Have you ever thought about how much we solely rely on other people, whether it’s their approval, their attentiveness, their ability to make you happy or by their help? We rely on other people’s love, friendship and understanding. We rely on too much really. The one person you thought you could rely and trust upon can easily take a turn in another direction and become your worst enemy.
People are human. Common sense.
People are complicated little creatures. They have feelings and get hurt and sometimes feel insecure which can lead into indirect punishment for other people in their lives. Have you ever had someone yell at you without a sufficient reason and wonder, “What the hell was that about?” A person can totally go off the handle on an innocent waitress just because they had a bad day—not even because the service was bad. They need to vent; they need to direct their anger without their human GPS system. They are emotionally lost. “They” are sometimes “we”.
Hats off to you if you’re one of the few people who are truly independent and not relying on other people’s approvals or judgments. I give you credit, because it’s a hard thing to do. I would love to give the advice of going only by God’s judgment, but even I can’t do that. I try, but my human conditions get in the way. When I do follow the path of only relying on God’s judgment, my life does get a little easier. But, it doesn’t last that long for some reason. I get caught up in the whole, ‘what do they think’ type of mindset or, ‘is this is ok to do’ type of thinking. It can really debilitate you. The more you hold onto other people’s approvals, the more insecure you’ll eventually get. It happened to me and it totally killed my self-esteem. I had to stop writing for some time, just because I felt insecure by other people’s actions, words and judgments. I was emotionally torn down, ripped apart and criticized by one of the closest people in my life who truly disappointed me. It left me without words. It left me without positive reinforcement about myself, as well as my outlook on anything in life. Because of “people” and my reliance on their approvals and judgments, even my faith in God had dwindled. I was spiritually dead.

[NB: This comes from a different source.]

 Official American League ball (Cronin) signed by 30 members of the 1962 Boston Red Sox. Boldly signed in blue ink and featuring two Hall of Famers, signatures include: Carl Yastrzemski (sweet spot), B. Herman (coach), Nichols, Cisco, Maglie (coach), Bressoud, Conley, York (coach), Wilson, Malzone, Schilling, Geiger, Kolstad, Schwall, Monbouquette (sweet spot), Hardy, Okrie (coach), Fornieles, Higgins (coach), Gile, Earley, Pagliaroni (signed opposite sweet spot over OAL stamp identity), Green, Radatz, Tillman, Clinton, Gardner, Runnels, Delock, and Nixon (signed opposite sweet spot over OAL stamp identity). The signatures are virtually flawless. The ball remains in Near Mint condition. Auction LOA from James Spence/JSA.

This past year, I’ve been “emotionally resting” from all the chaos that went on in my life the past couple of years prior. The emotional abuse and mental torture that I went through because of the actions of another person, and my reactions toward that same person, left me feeling depressed, bitter and resentful plus very insecure about myself. Through prayer, mediation and self-analyzation, I regained my sense of “self” again. I finally felt good after some time and realized my entire outlook of who I was relied on other people. It was the darkest place I’ve ever been. I was paralyzed with fear. I couldn’t write. I was afraid I would be studied like a bug under a microscope. I didn’t go out much, in fear someone would notice me or think negative things about me. I was traumatized. Funny thing, I kept it so well hidden from my friends and family that they never even knew.

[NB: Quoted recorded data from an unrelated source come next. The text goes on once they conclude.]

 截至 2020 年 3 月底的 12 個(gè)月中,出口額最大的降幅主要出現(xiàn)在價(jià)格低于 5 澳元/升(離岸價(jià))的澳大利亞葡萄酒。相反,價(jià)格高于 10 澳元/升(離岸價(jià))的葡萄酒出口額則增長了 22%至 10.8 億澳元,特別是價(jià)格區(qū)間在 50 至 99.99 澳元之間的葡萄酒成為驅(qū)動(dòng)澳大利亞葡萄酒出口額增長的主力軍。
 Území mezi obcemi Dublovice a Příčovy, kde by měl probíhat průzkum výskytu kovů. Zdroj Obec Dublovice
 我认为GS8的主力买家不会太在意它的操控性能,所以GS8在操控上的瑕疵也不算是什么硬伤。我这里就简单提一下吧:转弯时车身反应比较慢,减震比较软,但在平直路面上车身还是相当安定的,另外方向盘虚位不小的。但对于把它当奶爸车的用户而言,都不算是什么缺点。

I kept it all inside… I felt all the pressures of the pain and the emotional scars that added up and kept reopening just to torture me some more.
I wanted to die.
I also wanted peace.
I had two choices: either quit and give up or strengthen my core and keep pressing on. God knows there are more things that are going to take my life for a few loops. Life’s a test. God gives us tests, but God doesn’t give us anything we can’t handle. And if we’re too weak to handle them and give up on life that easily---then why are we even ‘here’?

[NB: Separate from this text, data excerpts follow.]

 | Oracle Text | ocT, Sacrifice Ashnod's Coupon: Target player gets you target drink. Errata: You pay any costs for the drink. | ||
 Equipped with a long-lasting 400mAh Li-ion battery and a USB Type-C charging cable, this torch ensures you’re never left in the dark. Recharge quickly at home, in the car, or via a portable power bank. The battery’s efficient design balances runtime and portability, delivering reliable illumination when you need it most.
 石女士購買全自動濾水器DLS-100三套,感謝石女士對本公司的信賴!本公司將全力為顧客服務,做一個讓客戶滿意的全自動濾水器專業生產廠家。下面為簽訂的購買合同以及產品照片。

“I can do everything with the help of Christ who gives me the strength I need.” –Philippians 4:13
I chose life. I chose to live my life and take the punches as well as see the lessons that I have learned along the way. I’ve come to the conclusion, depending on what personality type you are: you can only allow people to affect you. I believe it’s all how we internalize the outside world and those who intentionally as well as unintentionally, hurt us. Instead of trying to change the person(s)’s outlook and behavior, we can change ourselves inside and decide to not let it affect us any longer. We can step back and rid ourselves from the negative energy that some people naturally give off.
If you’re feeling bad about yourself, as I did many times, and still do periodically: visualize seeing yourself from another person’s eyes, walking into a room. What are your thoughts? How do you look? How secure and confident do you appear? Are you friendly? Does your face have a welcoming smile that invites positive people to gravitate toward you? Or, do you see yourself through negative lenses?